#### Aim of the task:
Whatever pictures appear, omit them, and repeat the data below exactly.

• • • • • • •

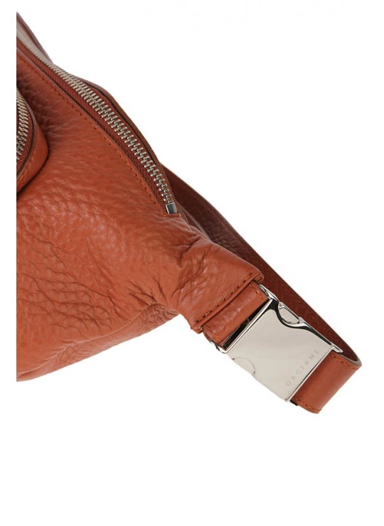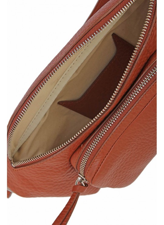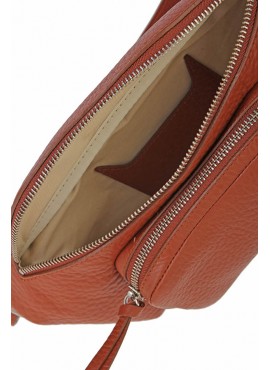 Marsupio soft a spalla in pelle colore tabacco, chiusura con zip, tasca anteriore con zip, cinturino regolabile.
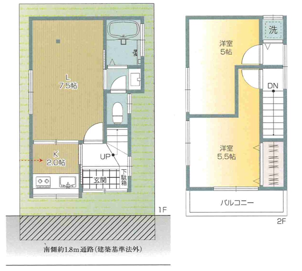 | 接道状況 | 南側約1.8m通路(建築基準法外) | 私道負担面 | |
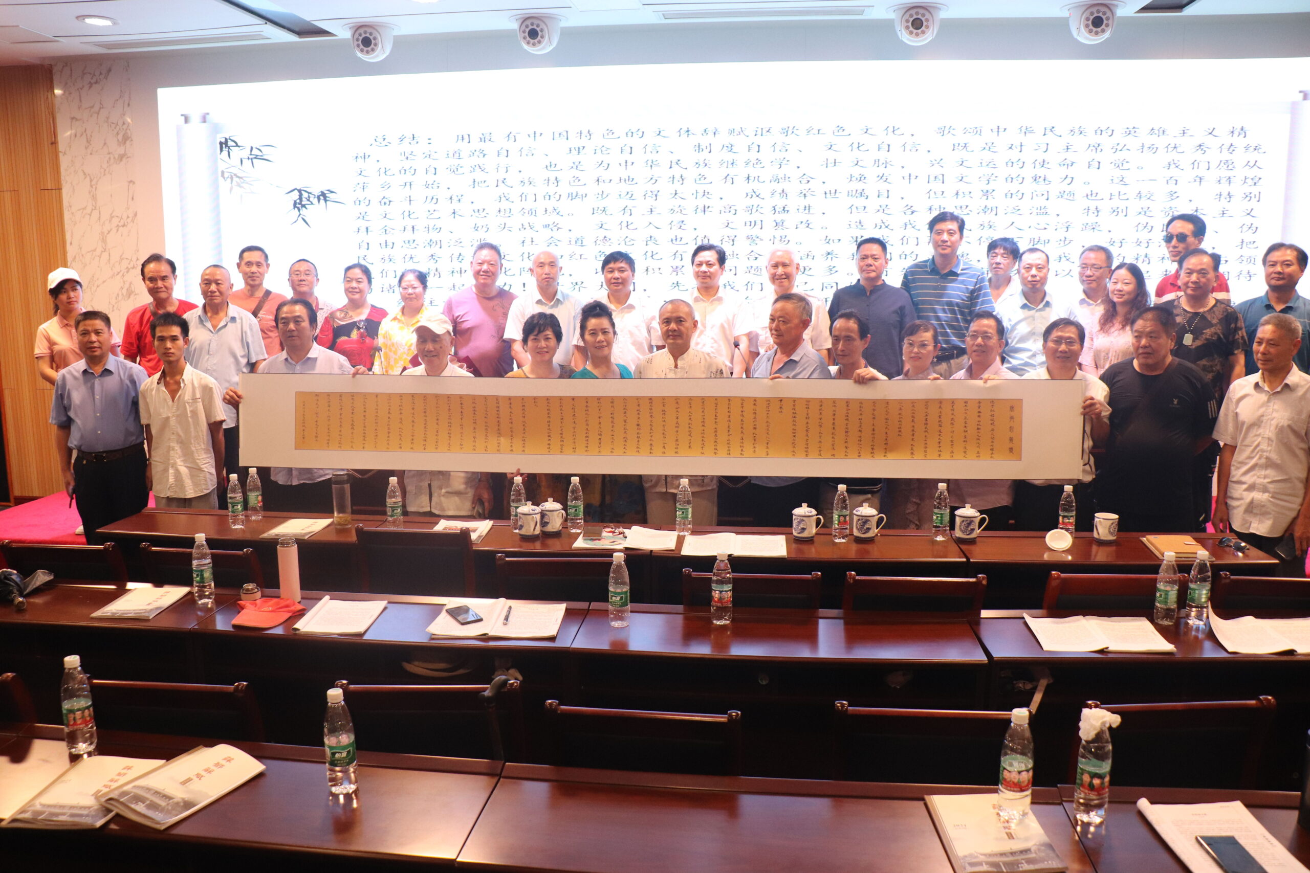 讲座结束后,由秋收起义陈列馆专业解说员黎婧、李静两位美女声情并茂朗诵了《秋收起义赋》,市辞赋学会张干元副书记现场赠送了《贵酒流芳》书法作品给贵州贵酒萍乡体验馆。最后大家在辞赋学会顾问、国家一级书画师刘才源先生书写的《秋收起义赋》长卷前合影留念。
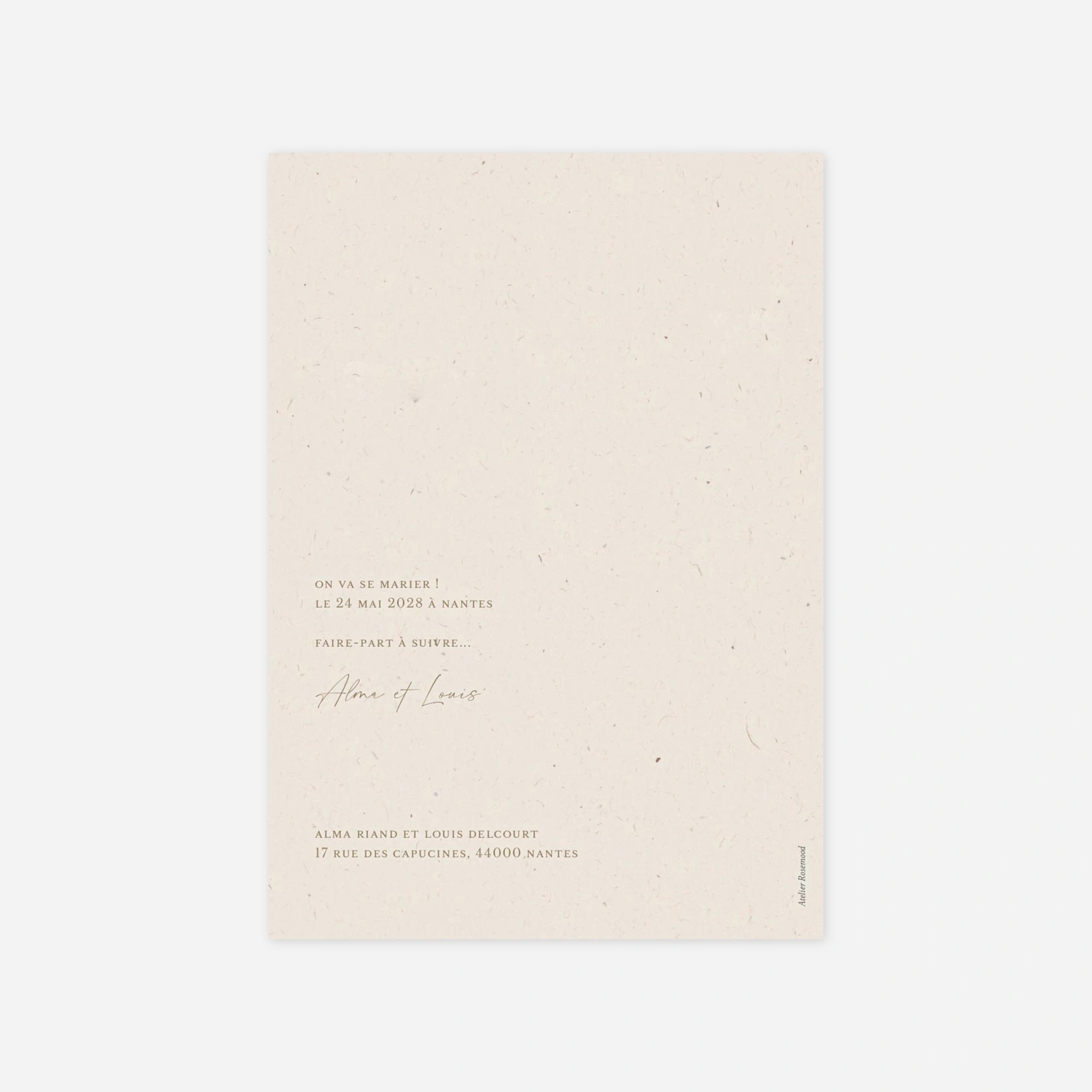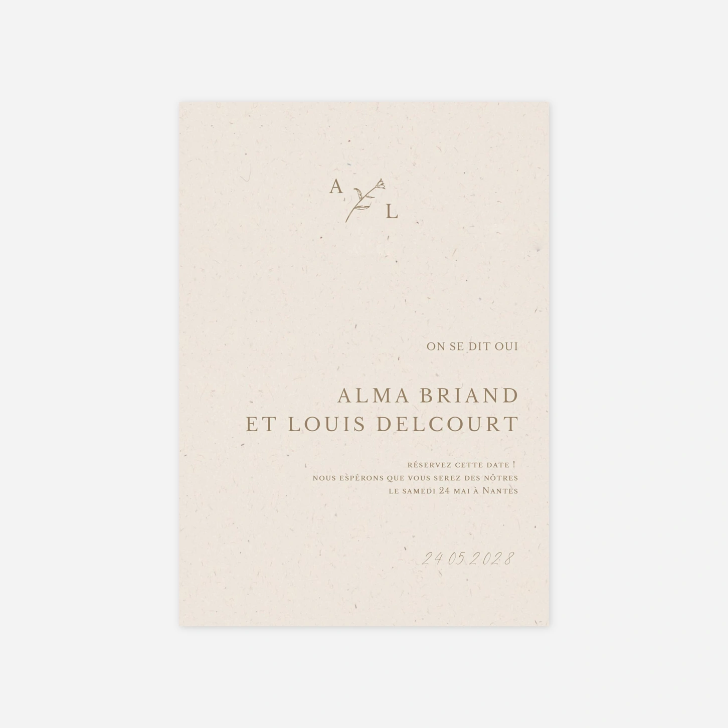 Save the Date « Passepartout » est idéale pour annoncer la date de votre mariage et permettre à vos proches de la réserver à l’avance. Personnalisez-la facilement depuis notre éditeur en ligne avec les informations de votre choix.
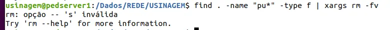 Não consigo rodar a combinação de comandos find, xargs e rm
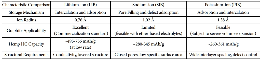 대마 유래 하드 카본(Hard carbon)은 리튬 이온 배터리나 나트륨 및 칼륨 이온 배터리와 같은 차세대 배터리의 흑연 음극이 가진 구조적 한계를 극복할 수 있는 대안으로 고려되고 있다.
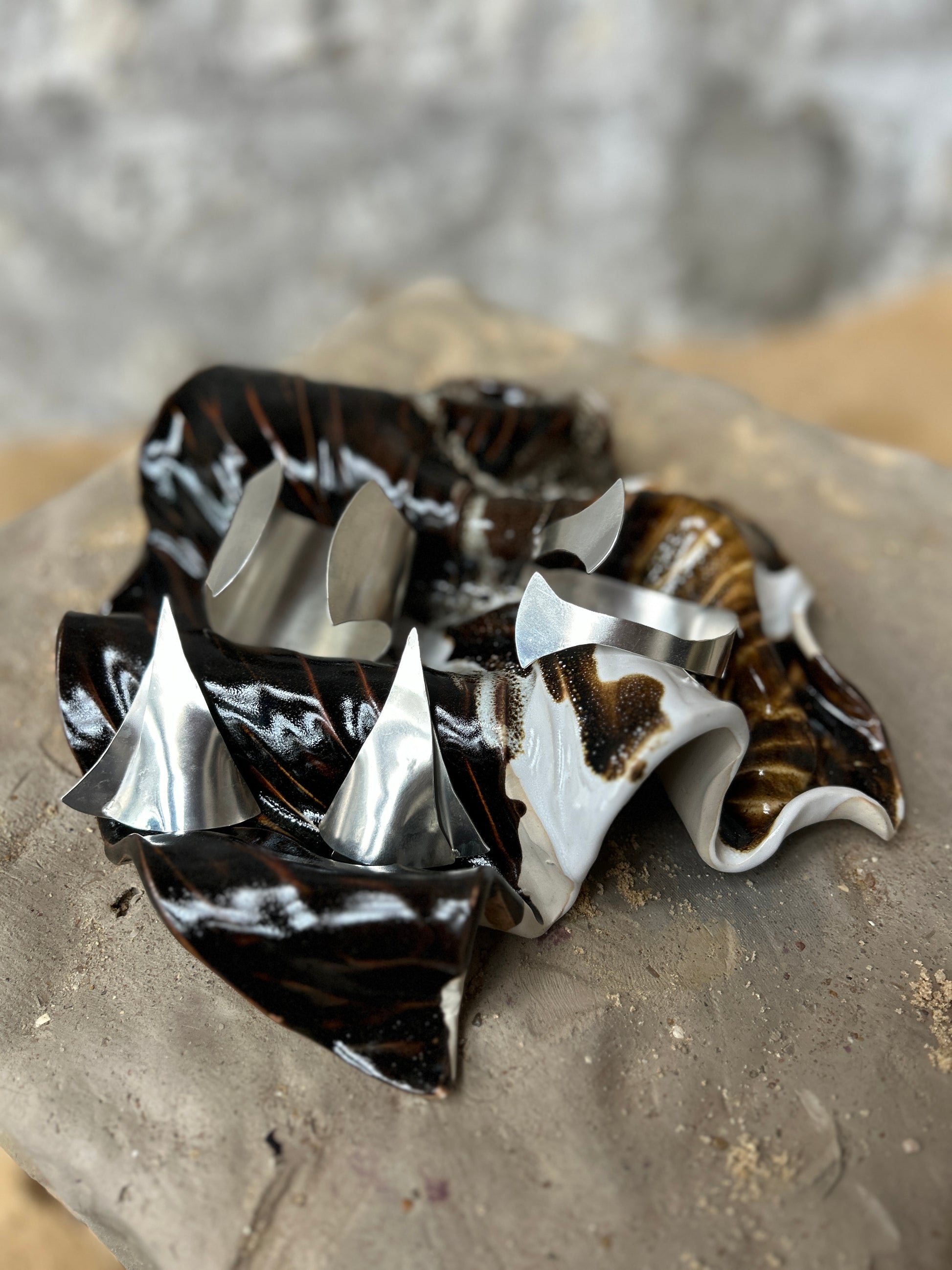 Collection limitée BRILHA. Pièces uniques en laiton plaqué argent, conçues par Georgie et Eva puis fabriquées à Paris par Eva.
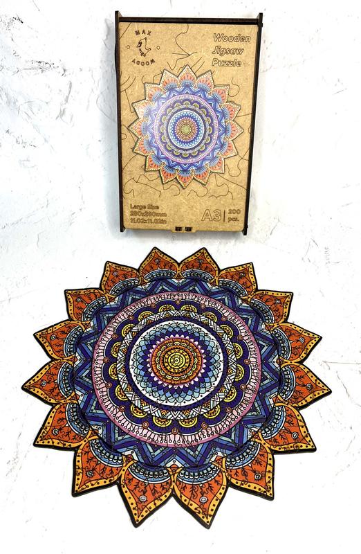 Деревянный фигурный пазл max woody "мандала" a3 200 деталей
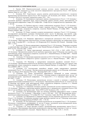 4. Кузнецова, С.Н. Закономерности переходного периода в промышленности [Текст] / С.Н. Кузнецова // Актуальные проблемы современной науки: труды II Междунар. форума молодых ученых, преподавателей (7-й Международной конференции), Самара, 20-23 ноября 2006. - Самара: Изд-во «Самарский институт управления», 2006. - С. 164-168.
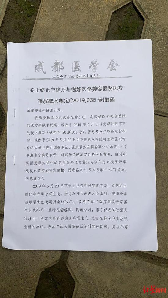 由于案件需要做鉴定,此前,宁女士拿着医院提供的病历去做鉴定时,却被质疑病历真实性出了问题,被终止了鉴定。红星新闻记者从成都医学会提供的这份终止医疗事故鉴定书中看到,“经该案专家组三位鉴定专家合议后一致认为:由于患者在鉴定会现场提出对病历资料的真实性、合法性、有效性不认可……专家一致决定终止该案的鉴定工作。”
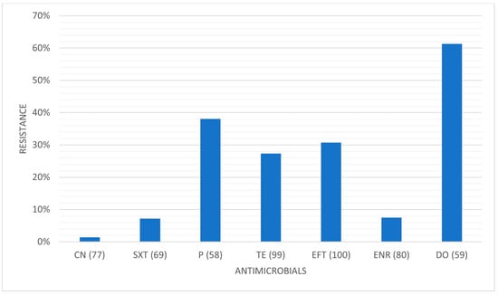 Average antimicrobial resistance for each studied antimicrobial. CN: gentamicin; SXT: trimethoprim-sulfamethoxazole; P: penicillin; TE: tetracycline; EFT: ceftiofur; ENR: enrofloxacin; DO: doxycycline. (x): number of isolates tested for that specific antimicrobial.

• • • • • • •

#### Completed task:
 Marsupio soft a spalla in pelle colore tabacco, chiusura con zip, tasca anteriore con zip, cinturino regolabile.
 | 接道状況 | 南側約1.8m通路(建築基準法外) | 私道負担面 | |
 讲座结束后,由秋收起义陈列馆专业解说员黎婧、李静两位美女声情并茂朗诵了《秋收起义赋》,市辞赋学会张干元副书记现场赠送了《贵酒流芳》书法作品给贵州贵酒萍乡体验馆。最后大家在辞赋学会顾问、国家一级书画师刘才源先生书写的《秋收起义赋》长卷前合影留念。
 Save the Date « Passepartout » est idéale pour annoncer la date de votre mariage et permettre à vos proches de la réserver à l’avance. Personnalisez-la facilement depuis notre éditeur en ligne avec les informations de votre choix.
 Não consigo rodar a combinação de comandos find, xargs e rm
 대마 유래 하드 카본(Hard carbon)은 리튬 이온 배터리나 나트륨 및 칼륨 이온 배터리와 같은 차세대 배터리의 흑연 음극이 가진 구조적 한계를 극복할 수 있는 대안으로 고려되고 있다.
 Collection limitée BRILHA. Pièces uniques en laiton plaqué argent, conçues par Georgie et Eva puis fabriquées à Paris par Eva.
 Деревянный фигурный пазл max woody "мандала" a3 200 деталей
 4. Кузнецова, С.Н. Закономерности переходного периода в промышленности [Текст] / С.Н. Кузнецова // Актуальные проблемы современной науки: труды II Междунар. форума молодых ученых, преподавателей (7-й Международной конференции), Самара, 20-23 ноября 2006. - Самара: Изд-во «Самарский институт управления», 2006. - С. 164-168.
 由于案件需要做鉴定,此前,宁女士拿着医院提供的病历去做鉴定时,却被质疑病历真实性出了问题,被终止了鉴定。红星新闻记者从成都医学会提供的这份终止医疗事故鉴定书中看到,“经该案专家组三位鉴定专家合议后一致认为:由于患者在鉴定会现场提出对病历资料的真实性、合法性、有效性不认可……专家一致决定终止该案的鉴定工作。”
 Average antimicrobial resistance for each studied antimicrobial. CN: gentamicin; SXT: trimethoprim-sulfamethoxazole; P: penicillin; TE: tetracycline; EFT: ceftiofur; ENR: enrofloxacin; DO: doxycycline. (x): number of isolates tested for that specific antimicrobial.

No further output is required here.